Книга: Дочери Темперанс Хоббс [litres]
Назад: Интерлюдия
Дальше: Интерлюдия

24

Марблхед. Массачусетс
Минута после полуночи Белтейн
2000
– Томас?
Конни не чувствовала земли под ногами, словно была пьяна либо пребывала во сне. Щеку жег сок белены.
– Ну, вот. Свершилось, – спокойно произнесла Грейс.
– Кто такой Томас? – осведомился Сэм.
– Один придурок, – злобно прошипела Зази.
– Мой диссертант, – ответила Конни, поражаясь своим словам.
Томас стоял перед ними. В лунном свете он казался неестественно плоским, словно вырезанным из картона. Томас поднял ладони и изучающе на них посмотрел – сначала с одной стороны, а затем с другой. Тени он не отбрасывал. Казалось, будто лунный свет не освещает, а впитывается в его кожу.
Грейс, с ветками тсуги и садовым секатором, подошла к незваному гостю. Картонный Томас посмотрел на нее. Конни знала его достаточно хорошо, и понимала, что он только притворяется уверенным. Лицо юноши выдавало его неумение маскировать эмоции. Томас гордо задирал нос, но его подбородок покрывала щетина, заляпанная пятнами рубашка-поло была не заправлена в брюки, а волосы торчали во все стороны. Когда Грейс подошла ближе, он поправил пальцем очки.
– Здравствуйте, – поздоровалась она.
– Чего вам нужно посреди ночи? – спросил Сэм.
– Я знаю, что, – вставила Конни, хотя слова казались густыми и выплывали из ее уст неохотно. Она подошла к Грейс и остановилась рядом. – Но он этого не получит.
Кадык картонного Томаса дрогнул.
– Нет, постойте! – возразил он, повысив голос.
– Помолчите. – Грейс выставила ладонь перед лицом Томаса, но та не отбросила на него тень.
Глаза юноши следили за рукой Грейс и практически собрались в кучу, когда она приблизила ладонь к его переносице.
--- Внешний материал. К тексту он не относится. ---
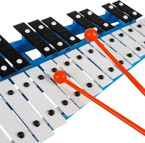 - Chromatic Design: The xylophone comprises metal plates that produce sound when struck with rounded-head sticks, arranged similarly to a piano. Playing all notes sequentially creates a chromatic scale, with notes differing only by a half step. The bright tones resonate beautifully.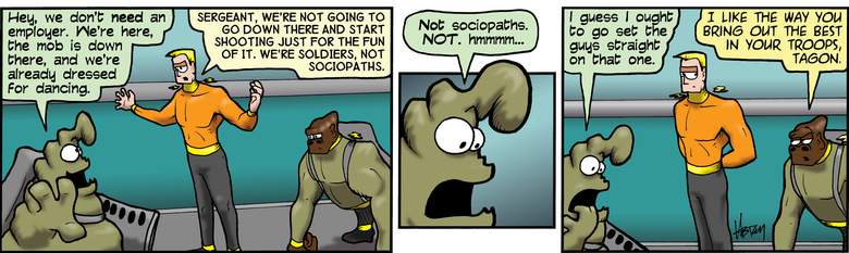Tagon: Sergeant, we're not going to go down there and start shooting just for the fun of it. We're soldiers, not sociopaths.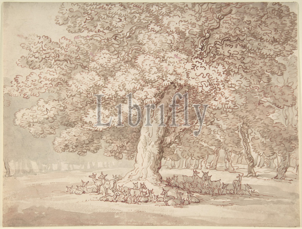Herd, deer under, oak tree, 1775–1827, Pen, brush, red, gray watercolor, sheet, 8 5/8 x 11 1/2, 21.9 29.2 cm, Drawings, Thomas Rowlandson, British, London, 1757–1827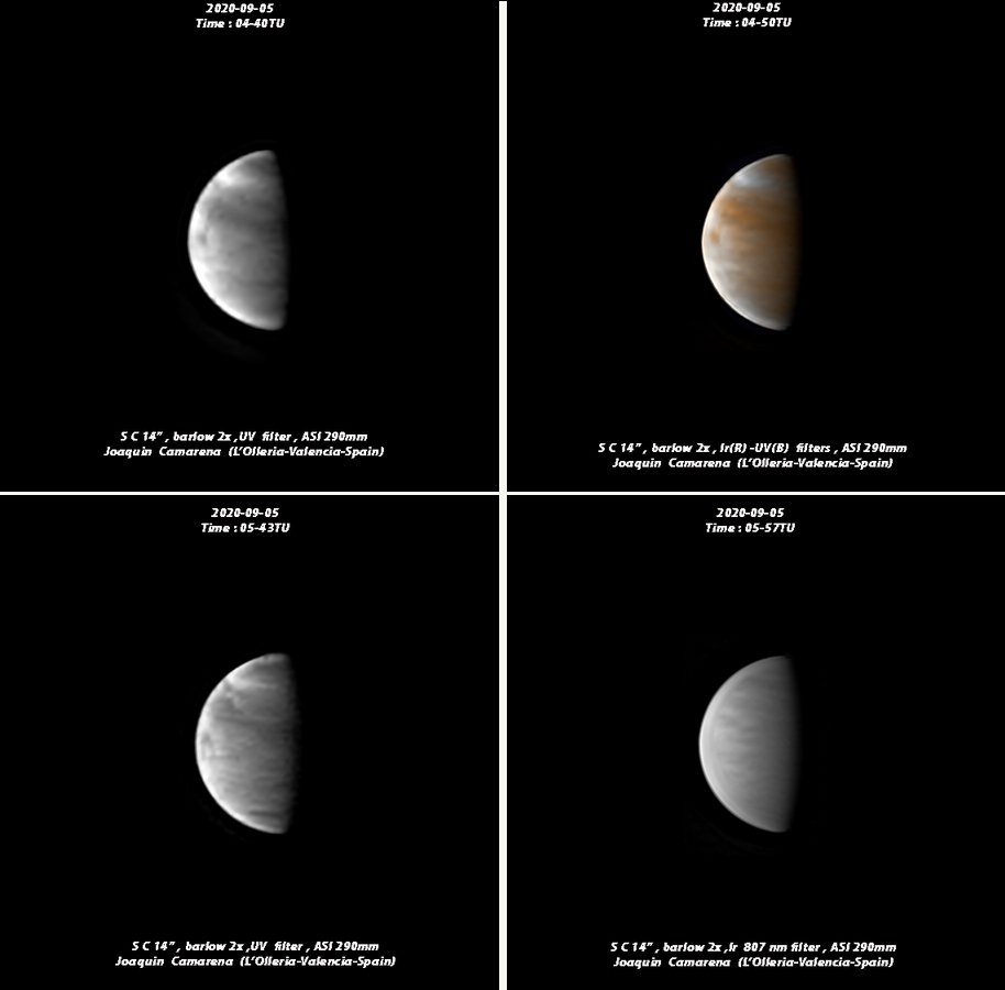 Kihívást kedvelőknek érdemes színszűrős észlelésekkel is próbálkozni, melyre a mostani láthatóság pompás lehetőséget ad! A Vénusz felhőalakzatai bár a látható hullámhosszon nagyon alacsony kontrasztúak, de ultraibolyában, és kisebb mértékben infravörösben rengeteget javul a felhők láthatósága.

Грейс остановила руку буквально в нескольких миллиметрах от неестественно гладкой кожи Томаса и закрыла глаза.
Образ юноши замерцал, словно изображение на экране старого телевизора с антенной при очень слабом сигнале. У левой ступни Конни квакнула жаба.
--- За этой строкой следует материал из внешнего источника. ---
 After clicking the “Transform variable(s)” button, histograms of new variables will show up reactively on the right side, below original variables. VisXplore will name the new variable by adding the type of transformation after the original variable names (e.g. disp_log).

Грейс открыла глаза, их заволокла белая дымка.
– Вы же не собираетесь это сделать? – встревожился Томас.
* * *
Фигура Томаса стояла неподвижно, не переставая мерцать, а собравшиеся в кучу глаза юноши глядели на ладонь Грейс, зависшую у его лба.
– Пожар, – сказала Грейс.
– Нет, – взмолился Томас.
Его губы шевелились неестественно, как у марионетки, словно челюсть кто-то дергал за веревочки.
– Это был несчастный случай? – спросила Грейс спокойным, практически гипнотизирующим голосом.
– Что?! – удивленно воскликнула Конни.
Она стояла достаточно близко и видела слабое голубоватое свечение в центре ладони Грейс, которое отражалось от плоского и мерцающего лица Томаса и образовывало вокруг его головы ореол.
Глаза фантома наполнились слезами.
– Да, – ответил он, проглатывая слезы.
– Вы не хотели причинить вред Сэму, верно? Просто были в ярости и хотели немного насолить, да? – мягко продолжала Грейс. Из правого глаза Томаса выкатилась слеза и скатилась по щеке. – Это трудно. Смириться с тем, что желаемого не получить, – понимающе заметила Грейс.
Голубоватое свечение вокруг Томаса потрескивало и дрожало.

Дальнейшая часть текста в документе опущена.